_Dataset extract_
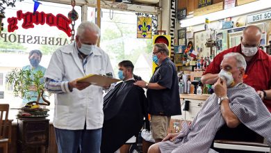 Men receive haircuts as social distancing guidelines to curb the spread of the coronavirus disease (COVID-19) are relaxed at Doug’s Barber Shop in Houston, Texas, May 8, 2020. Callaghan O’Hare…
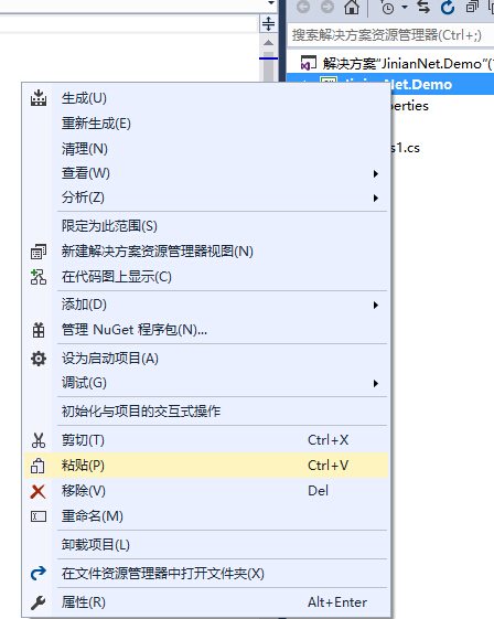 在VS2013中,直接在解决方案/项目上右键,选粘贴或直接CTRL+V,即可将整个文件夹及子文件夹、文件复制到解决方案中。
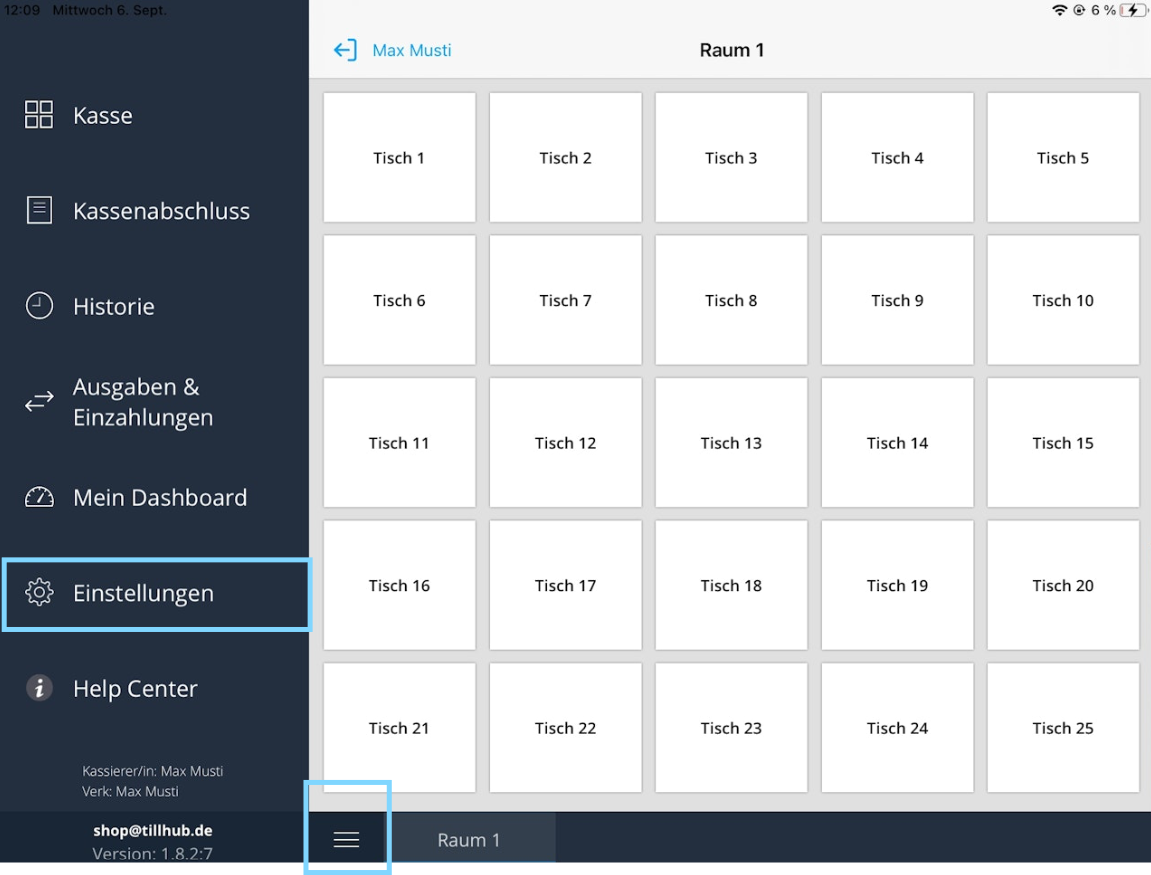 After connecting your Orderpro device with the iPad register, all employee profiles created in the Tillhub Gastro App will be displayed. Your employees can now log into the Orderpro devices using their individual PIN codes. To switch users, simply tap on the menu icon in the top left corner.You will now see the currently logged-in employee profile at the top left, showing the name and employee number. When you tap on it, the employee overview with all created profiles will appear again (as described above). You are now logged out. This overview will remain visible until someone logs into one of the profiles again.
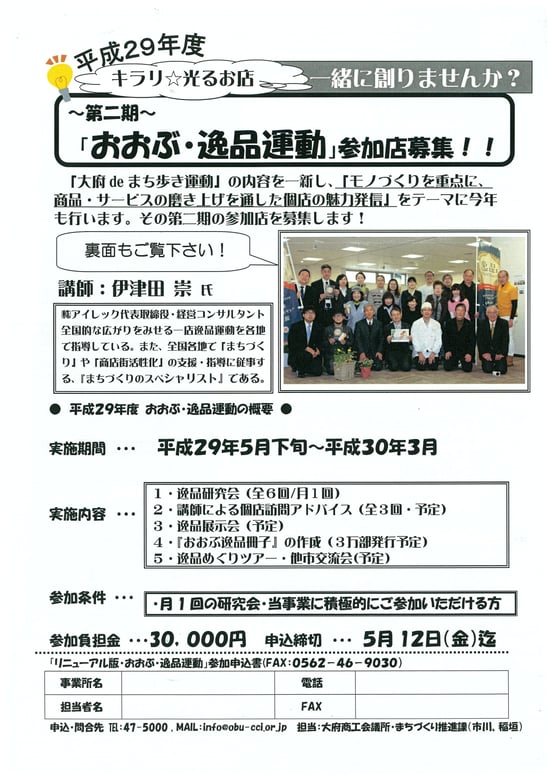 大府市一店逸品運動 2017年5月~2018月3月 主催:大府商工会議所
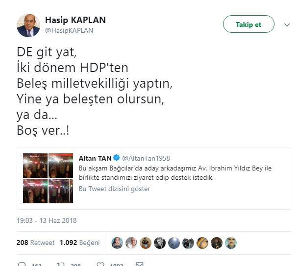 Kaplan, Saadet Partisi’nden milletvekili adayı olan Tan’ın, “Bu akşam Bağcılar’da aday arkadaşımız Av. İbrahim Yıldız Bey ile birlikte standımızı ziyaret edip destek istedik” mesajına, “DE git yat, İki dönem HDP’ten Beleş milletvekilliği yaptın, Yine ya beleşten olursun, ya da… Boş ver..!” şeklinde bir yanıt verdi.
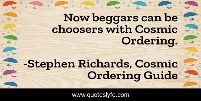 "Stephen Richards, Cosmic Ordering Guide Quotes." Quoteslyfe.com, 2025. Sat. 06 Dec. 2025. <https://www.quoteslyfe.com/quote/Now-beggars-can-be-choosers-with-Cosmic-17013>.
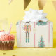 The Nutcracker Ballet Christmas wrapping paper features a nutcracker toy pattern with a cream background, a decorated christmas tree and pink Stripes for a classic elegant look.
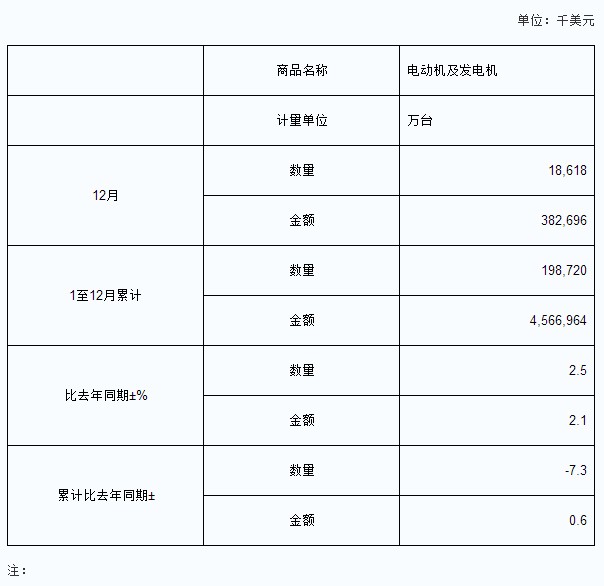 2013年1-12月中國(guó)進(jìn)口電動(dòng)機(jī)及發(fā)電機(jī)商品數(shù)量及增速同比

_What this task involves_
Without including any pictures, output all the entries above exactly.

_Solution_
 Men receive haircuts as social distancing guidelines to curb the spread of the coronavirus disease (COVID-19) are relaxed at Doug’s Barber Shop in Houston, Texas, May 8, 2020. Callaghan O’Hare…
 在VS2013中,直接在解决方案/项目上右键,选粘贴或直接CTRL+V,即可将整个文件夹及子文件夹、文件复制到解决方案中。
 After connecting your Orderpro device with the iPad register, all employee profiles created in the Tillhub Gastro App will be displayed. Your employees can now log into the Orderpro devices using their individual PIN codes. To switch users, simply tap on the menu icon in the top left corner.You will now see the currently logged-in employee profile at the top left, showing the name and employee number. When you tap on it, the employee overview with all created profiles will appear again (as described above). You are now logged out. This overview will remain visible until someone logs into one of the profiles again.
 大府市一店逸品運動 2017年5月~2018月3月 主催:大府商工会議所
 Kaplan, Saadet Partisi’nden milletvekili adayı olan Tan’ın, “Bu akşam Bağcılar’da aday arkadaşımız Av. İbrahim Yıldız Bey ile birlikte standımızı ziyaret edip destek istedik” mesajına, “DE git yat, İki dönem HDP’ten Beleş milletvekilliği yaptın, Yine ya beleşten olursun, ya da… Boş ver..!” şeklinde bir yanıt verdi.
 "Stephen Richards, Cosmic Ordering Guide Quotes." Quoteslyfe.com, 2025. Sat. 06 Dec. 2025. <https://www.quoteslyfe.com/quote/Now-beggars-can-be-choosers-with-Cosmic-17013>.
 The Nutcracker Ballet Christmas wrapping paper features a nutcracker toy pattern with a cream background, a decorated christmas tree and pink Stripes for a classic elegant look.
 2013年1-12月中國(guó)進(jìn)口電動(dòng)機(jī)及發(fā)電機(jī)商品數(shù)量及增速同比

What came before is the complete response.